‘Help Changes Everything’ is a street-mural-inspired film, illustrating the positive impact that GoFundMe donors have on the world around them. To represent the diverse communities across America, the campaign’s visuals give a universal sense of purpose and belonging, depicting donors and recipients as heroes in ever-evolving streetscapes, where history seems to be unfolding in real-time. But alongside the beautiful spirit of generosity in the storytelling is something equally compelling; a groundbreaking step forward in artificial intelligence based animation.
As outlined in GoFundMe’s Year in Help report, in 2022, a donation was made on GoFundMe every single second. To celebrate this, the brand worked with design and innovation agency, AKQA, to create a visual narrative that would show how kindness has the power to help people, and bring real change at the community level.
The team worked with a pioneering LA-based director, Paul Trillo of ArtClass, to generate the campaign’s visuals using a combination of cutting-edge technologies, which helped the audience imagine the impact they’re having on real communities.
The groundbreaking film production included using a combination of DALL-E for composite layers of visual assets, and Stable Diffusion’s Image-2-Image for frame regeneration of a hand painted aesthetic. It is a bold first from a major brand to take a leap of faith and base their large-scale, paid marketing project on A.I-generative art.

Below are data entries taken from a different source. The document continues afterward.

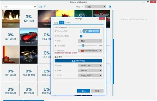 第一步、点击Wallpaper Engine破里的齿轮图标,就会进入到设置界面。
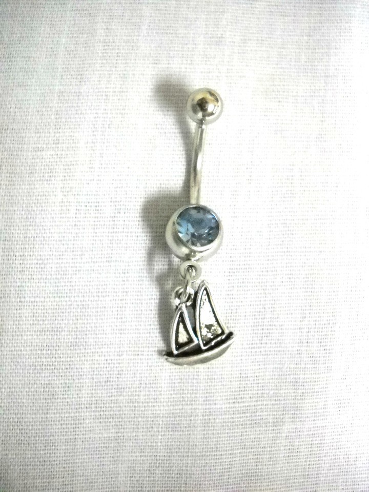 OCEAN SAILING NAUTICAL SAILBOAT BY THE SEA BEACH FUN CHARM 14g BLUE BELLY RING
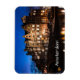 Rectangular photo magnet with the romantic old houses of Amsterdam city, built along Prinsengracht canal, with reflection of the lights in the still water at the beginning of the night in the capital of Holland with the text 'Amsterdam'.
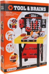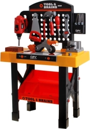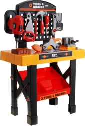 Esta magnífica mesa de herramientas es el sueño de cualquier pequeño mecánico. Con ella, el niño se sentirá como un verdadero reparador que dirige su propio rincón de taller. La mesa ofrece una amplia gama de herramientas, organizadas en un práctico soporte.
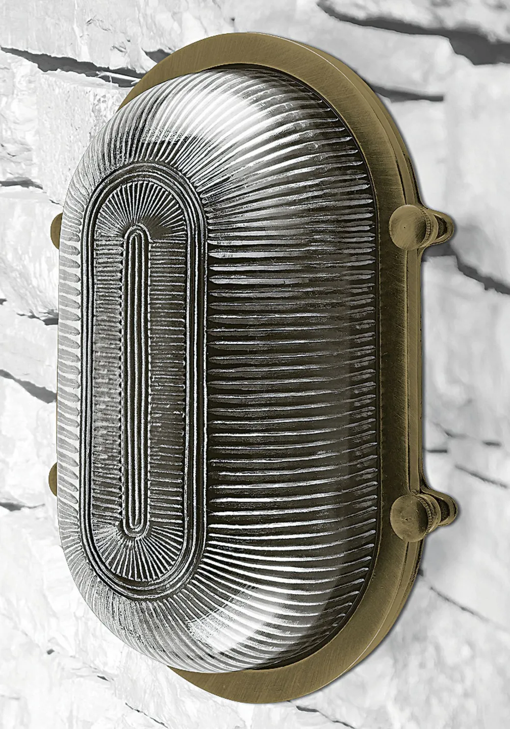 Maritime Außenwandleuchte aus massivem Messing und kunstvollem Riffelglas in Antik: ideal als Haustür Lampe, Terrassenbeleuchtung, Balkon Lampe, Carport Beleuchtung und Garagenlampe

This brave and innovative approach is testament to GoFundMe’s role in pushing the world forward throughout the year, with its community helping to provide essentials during record-high inflation, advance educational dreams, and uplift people whose lives were affected by natural disasters, war and loss. In 2022 alone, 28 million people from across the world started a fundraiser or made a donation on GoFundMe.
The goal of the campaign was to thank those donors and to let them know their contributions make a real-world difference. Therefore the film’s scenes visually transformed with each individual donation, until ultimately revealing the bigger picture; a world made better by kindness and generosity.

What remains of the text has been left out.